**Aim of the exercise:**
When the line containing "週末久しぶりの屋外ドッグランの芝生を気持ち良さそうにおともだちが" is found in the data below, copy it and each line after it through the line containing "We’re excited to", exactly and with no others.

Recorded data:

***

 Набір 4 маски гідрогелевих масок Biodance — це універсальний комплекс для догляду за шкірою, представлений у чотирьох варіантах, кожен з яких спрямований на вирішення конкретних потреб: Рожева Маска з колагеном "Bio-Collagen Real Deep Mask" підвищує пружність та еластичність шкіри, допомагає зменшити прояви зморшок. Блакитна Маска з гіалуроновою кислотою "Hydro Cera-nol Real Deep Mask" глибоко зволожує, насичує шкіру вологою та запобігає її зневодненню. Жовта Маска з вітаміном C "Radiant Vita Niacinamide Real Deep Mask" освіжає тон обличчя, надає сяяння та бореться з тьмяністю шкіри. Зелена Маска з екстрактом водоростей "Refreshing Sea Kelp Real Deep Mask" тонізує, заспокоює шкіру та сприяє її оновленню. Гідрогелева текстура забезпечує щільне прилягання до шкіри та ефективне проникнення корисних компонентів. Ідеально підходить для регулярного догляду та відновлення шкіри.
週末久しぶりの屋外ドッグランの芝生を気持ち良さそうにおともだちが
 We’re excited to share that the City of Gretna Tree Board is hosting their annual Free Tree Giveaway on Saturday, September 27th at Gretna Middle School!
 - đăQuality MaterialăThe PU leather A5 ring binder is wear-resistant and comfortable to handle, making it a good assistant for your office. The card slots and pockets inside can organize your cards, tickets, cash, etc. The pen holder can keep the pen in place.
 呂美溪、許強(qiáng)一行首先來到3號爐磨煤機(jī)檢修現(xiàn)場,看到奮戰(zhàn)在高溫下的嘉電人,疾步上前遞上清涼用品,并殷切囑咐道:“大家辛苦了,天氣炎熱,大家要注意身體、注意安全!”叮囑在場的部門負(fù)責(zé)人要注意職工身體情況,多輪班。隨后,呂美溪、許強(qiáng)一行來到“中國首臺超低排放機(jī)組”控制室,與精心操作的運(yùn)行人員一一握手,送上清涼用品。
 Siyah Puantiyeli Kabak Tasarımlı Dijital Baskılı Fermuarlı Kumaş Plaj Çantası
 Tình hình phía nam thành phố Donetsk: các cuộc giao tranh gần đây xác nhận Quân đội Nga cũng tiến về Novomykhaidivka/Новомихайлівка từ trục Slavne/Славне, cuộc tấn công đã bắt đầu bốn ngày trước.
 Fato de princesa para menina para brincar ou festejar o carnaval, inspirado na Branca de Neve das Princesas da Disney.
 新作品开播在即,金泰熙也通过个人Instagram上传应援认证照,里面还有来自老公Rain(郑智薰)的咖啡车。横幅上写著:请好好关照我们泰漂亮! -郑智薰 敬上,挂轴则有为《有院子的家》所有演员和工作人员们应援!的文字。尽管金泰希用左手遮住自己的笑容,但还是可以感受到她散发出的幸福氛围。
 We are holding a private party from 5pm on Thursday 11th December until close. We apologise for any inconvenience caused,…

***

**Written response:**
週末久しぶりの屋外ドッグランの芝生を気持ち良さそうにおともだちが
 We’re excited to share that the City of Gretna Tree Board is hosting their annual Free Tree Giveaway on Saturday, September 27th at Gretna Middle School!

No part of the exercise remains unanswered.